Истомин не сводит с Резенской глаз. Да и как их можно сейчас оторвать, если она прекрасна? Раскрасневшаяся, полная спокойствия и света, кажется, что она знает о Питере все. Смешные, горькие, страшные и просто человеческие истории, связанные почти с каждым домом, что встречаются у них на пути, вылетают из ее уст с невероятной скоростью…
Даринка слушает и не мешает, в открытую любуясь подругой, нисколько не испытывая зависти. Ей сейчас хорошо, как никогда. Спокойно. Радостно. Светло. Никогда особенно не интересовавшаяся историей своего разлюбезного государства, она поражена. По — настоящему. Очень многое она слышит впервые. И искренне восхищается той, что все это хранит в своей белокурой, такой красивой голове.
Но восхищения, как оказалось, тоже бывает много. Через четыре часа несмолкаемой экскурсии Даринка, как ни стыдно ей было это признавать, заскучала. Нет, не заскучала. Утомилась. Перестала воспринимать информацию. Пресытилась. Она все чаще зевала, отходила от Резенской и Истомина, наивно предполагая, что они не замечают, как Даринка морщится и нетерпеливо переступает с ноги на ногу, как норовистая скаковая лошадка.
— Я думаю, пора сделать перерыв, — наконец предложил Истомин, внимательно оглядев уставшую Дарину, — может, вместо пищи духовной, наконец, что — нибудь плотненько перекусим?
Ах, если бы знала Горянова, как у нее загорелись глаза от внезапно появившейся перспективы, то она не стала бы столь поспешно и радостно соглашаться. Потому что, на самом деле, это выглядело очень мило, но как — то слишком по — детски, словно Горянова сбросила лет этак десять и превратилась в восторженную, угловатую девицу раннего пубертатного периода. Истомин с Резенской предпочли разительные перемены в ее облике вежливо не заметить, но все — таки обменялись понимающими взглядами и спрятали улыбки.
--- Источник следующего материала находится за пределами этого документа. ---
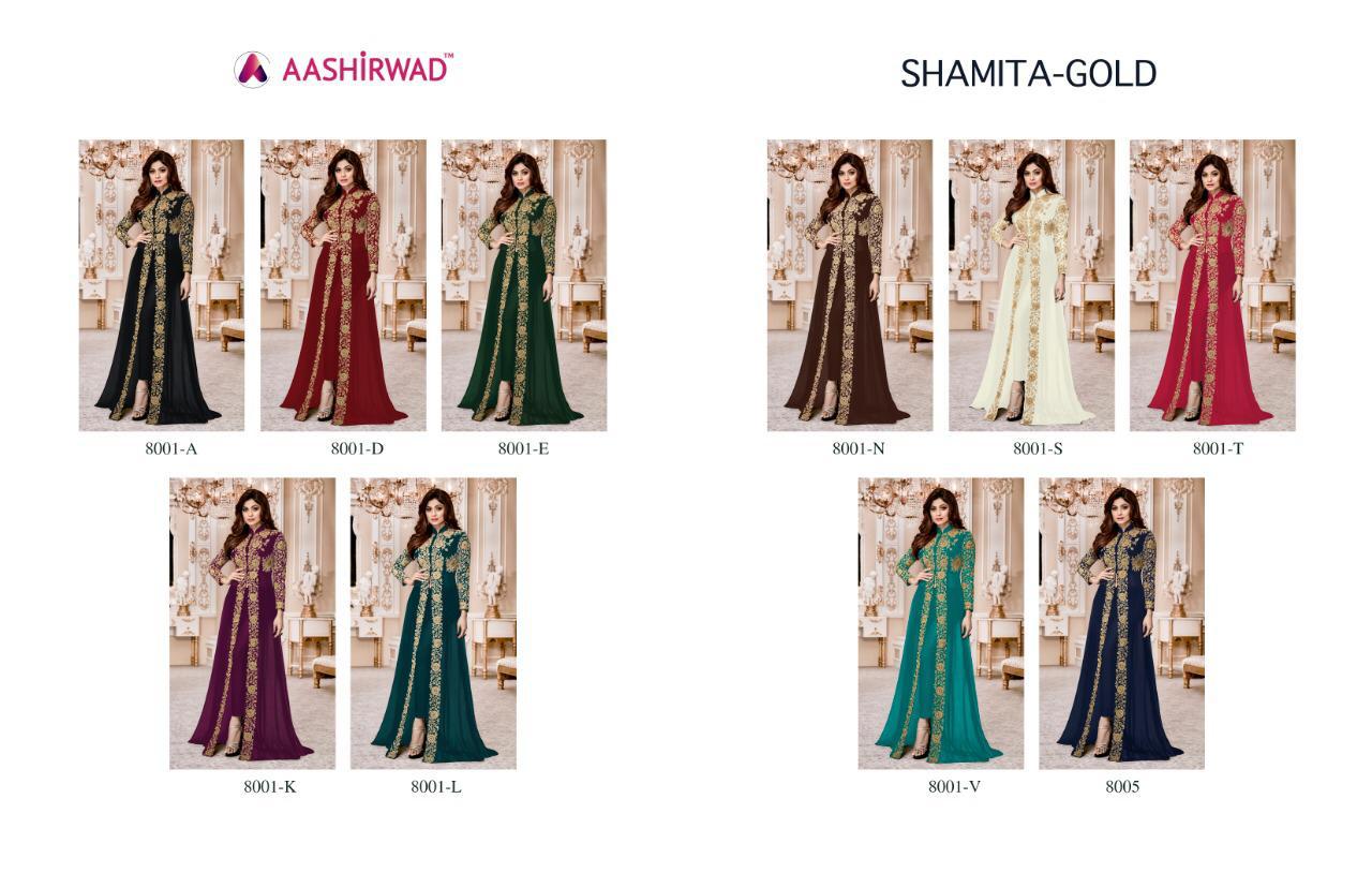 Shamita Gold By Ashirwad Series 8001 Colours Georgette Designer Party Wear Suits Wholesale Supplier Surat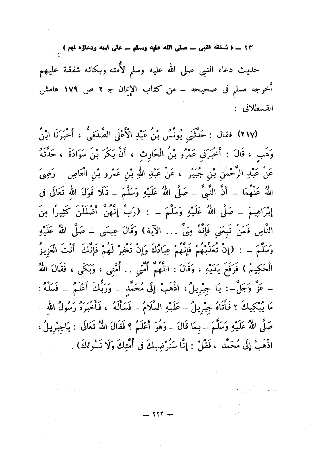 218 - فقال: حَدَّثَني يُونُسُ بْنُ عَبْدِ الأَعْلَى الصَّدَفِيُّ، أَخْبَرَنَا ابْنُ وَهَبٍ، قَالَ: أَخْبَرَني عَمْرُو بْنُ الْحَارِثِ، أَنَّ بَكْرَ بْنَ سَوَادَةَ، حَدَّثَهُ عَنْ عَبْدِ الرَّحْمنِ بْنِ جُبَيْر، عَنْ عَبْدِ اللَّهِ بن عَمْرو بْنِ الْعَاصِ - رَضِيَ اللَّهُ عَنْهُمَا - أَنَّ النَّبِيِّ صلى الله عليه وسلم تَلاَ قَوْلَ اللَّهِ تَعَالَى في إبْرَاهِيمَ: {رَبِّ إِنَّهُنَّ أَضْلَلْنَ كَثِيراً مِّنَ النَّاسِ فَمَن تَبِعَنِي فَإِنَّهُ مِنِّي} الآية. وقَالَ عِيسَى: {إِن تُعَذِّبْهُمْ فَإِنَّهُمْ عِبَادُكَ وَإِن تَغْفِرْ لَهُمْ فَإِنَّكَ أَنتَ الْعَزِيزُ الْحَكِيمُ} فَرَفَعَ يَدَيْهِ، وَقَالَ: اللَّهُمَّ أُمَّتي ... أُمَّتي، وَبَكَى، فَقَالَ اللَّهُ - عَزَّ وَجَلَّ - يَا جِبْرِيلُ، اذْهَبْ إلَى مُحَمَّدٍ - وَرَبُّكَ أَعْلَمُ - فَسَلْهُ: مَا يُبْكِيكَ؟ فَأَتَاهُ جِبْرِيلُ - عَلَيْهِ السَّلاَمُ - فَسَأَلَهُ، فَأَخْبَرَهُ رَسُولُ اللَّهِ صلى الله عليه وسلّم بِمَا قَالَ - وَهُوَ أَعْلَمُ؟ فَقَالَ اللَّهُ تَعَالَى: يَا جِبْرِيلُ، اذْهَبْ إلَى مُحَمَّد، فَقُلْ: إنَّا سَنُرْضِيكَ في أُمَّتِكَ وَلاَ نَسُوءُكَ».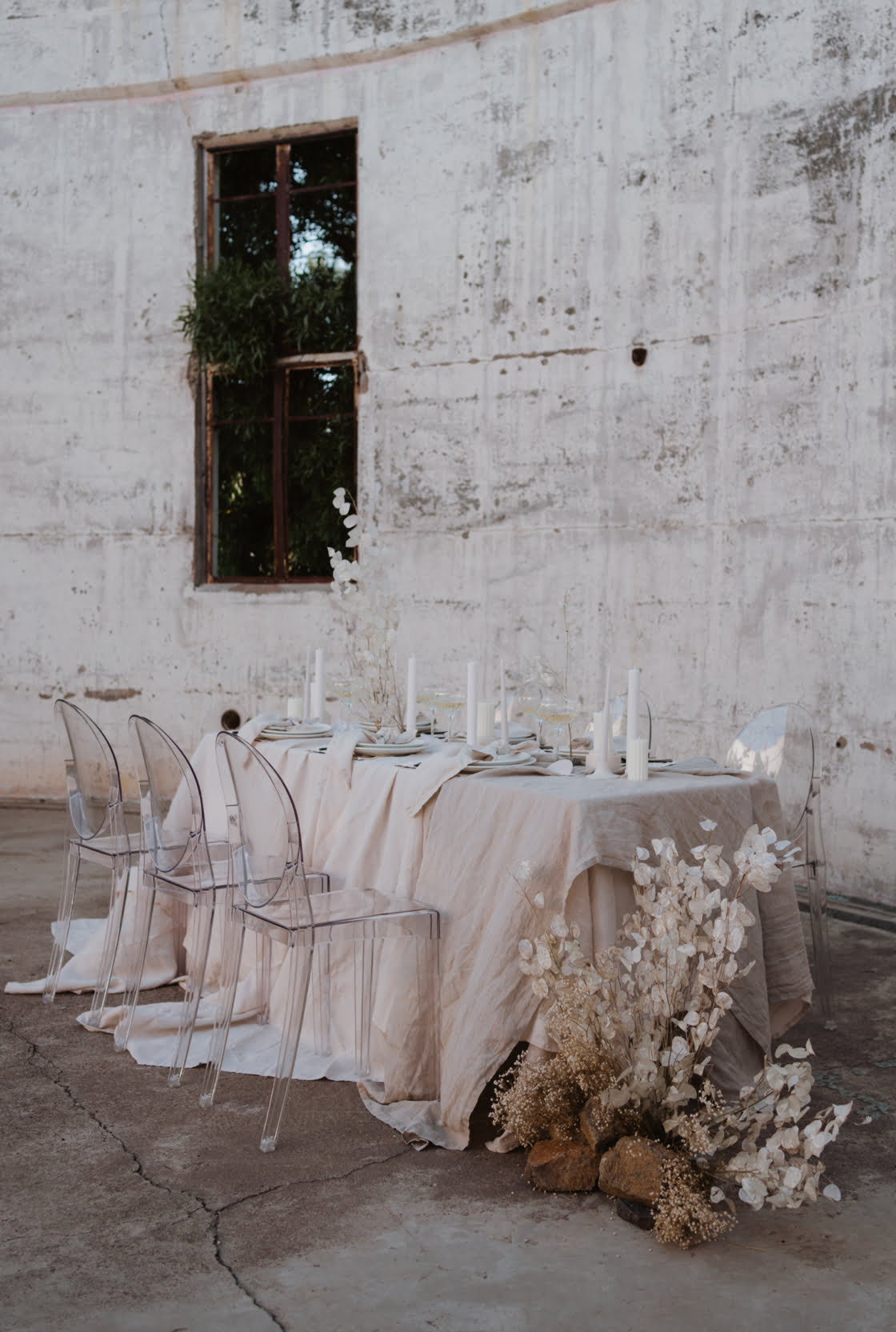Welcome to our industrial-luxe fantasy come to life. Event styling legends Pia & Jade never fail to deliver inspo when we need it most and this chic shoot brimming with texture is no exception. You’ll find oodles of linen, both dried and fresh blooms and plenty of mood, all captured by photographer Lauren Sutton. In fact, we loved this shoot so much we published it in Issue 33 of Hello May (available for purchase here).

Компания направилась вверх по улице, там, недалеко от Площади Восстания, был славный ресторан кавказской кухни под смешным названием «Баклажан». Это вводящее во грех чревоугодия заведение встретило их уютом, домашним вином и соленьями, заполонившими все стены, и сумасшедшими пряными запахами. У компании, нагулявшей на свежем воздухе зверский аппетит, потекли слюнки. Они заняли приятный столик в конце зала у окна. Обычно довольно сдержанная и неприхотливая в еде, Горянова сразу поназаказала всего и столько, что Резенская не удержалась и ехидно предположила, что если Даринка всегда так ест и не полнеет, то ей стоит запатентовать особую технологию питания, переводящую излишества энергии в длину ног.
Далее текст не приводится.